Openfire Trusted Domain Authorization Issue

I have one openfire server (Openfire 3.10.0, Hyper-V, ubuntu server). I have 2 domains connected via VPN with trusted connection betwen them.

On 1st domain i created LOCAL DOMAIN group and include groups from 2nd domain. In openfire settings i share new group to roster of all other groups.
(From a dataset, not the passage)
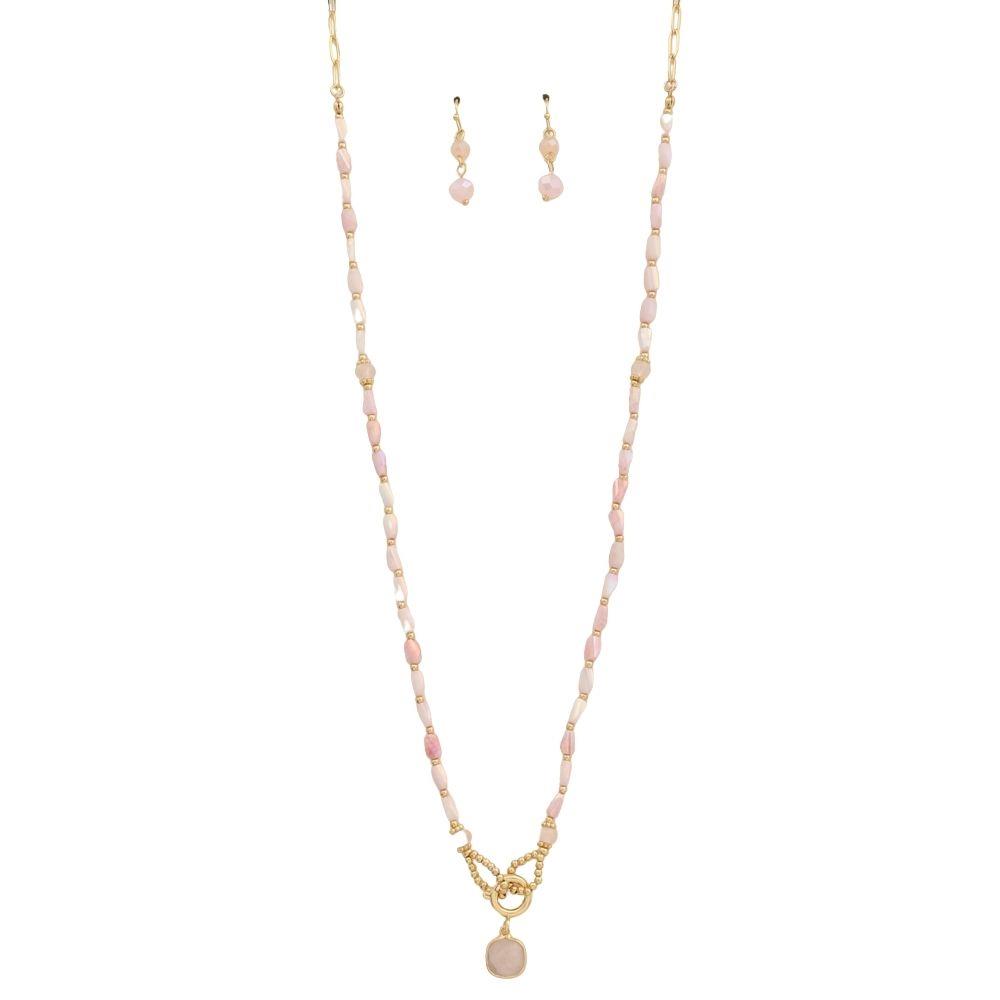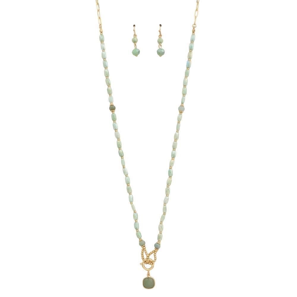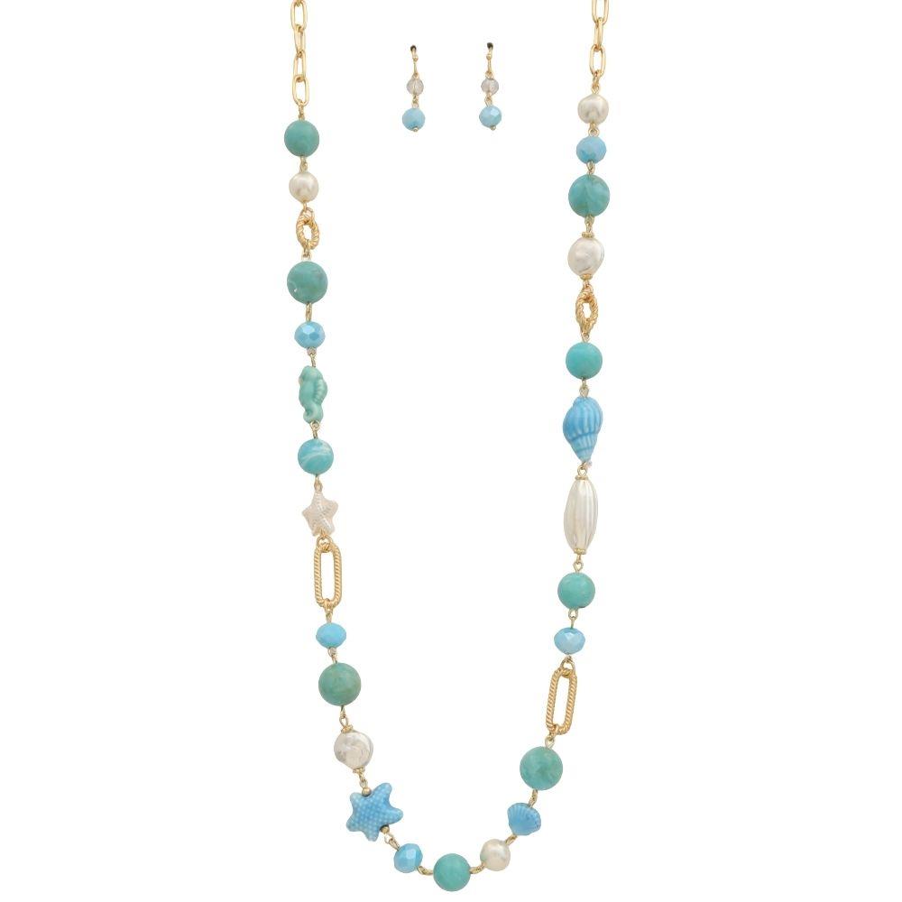 METAL STONE BEADED LONG NECKLACE EARRING SET

On 2nd domain i CAN connect with spark to 1st domain with 2nd domain user. I CAN send messages both side. But user on 2nd domain not visible online in roster of 1st domain users. And not even its group is visible. But in 2nd domain roster all of users and groups are visible and online status.

What i missed in configuration?

There is related

ldap.autoFollowAliasReferrals true

ldap.autoFollowReferrals false

ldap.baseDN OU=usr,OU=organization,DC=domain,DC=com (2nd domain group in this OU)

ldap.connectionPoolEnabled true

ldap.encloseDNs true

ldap.groupSearchFilter (objectCategory=Group) (Domain Controller IP)

ldap.port 389

ldap.posixMode false

ldap.searchFilter (objectClass=user)(objectCategory=person)(!(userAccountControl:1.2.840.113556.1 .4.803:=2))

ldap.sslEnabled false

ldap.usernameField sAMAccountName

My big mistake! I cant login with 2nd domain user on 1st domain.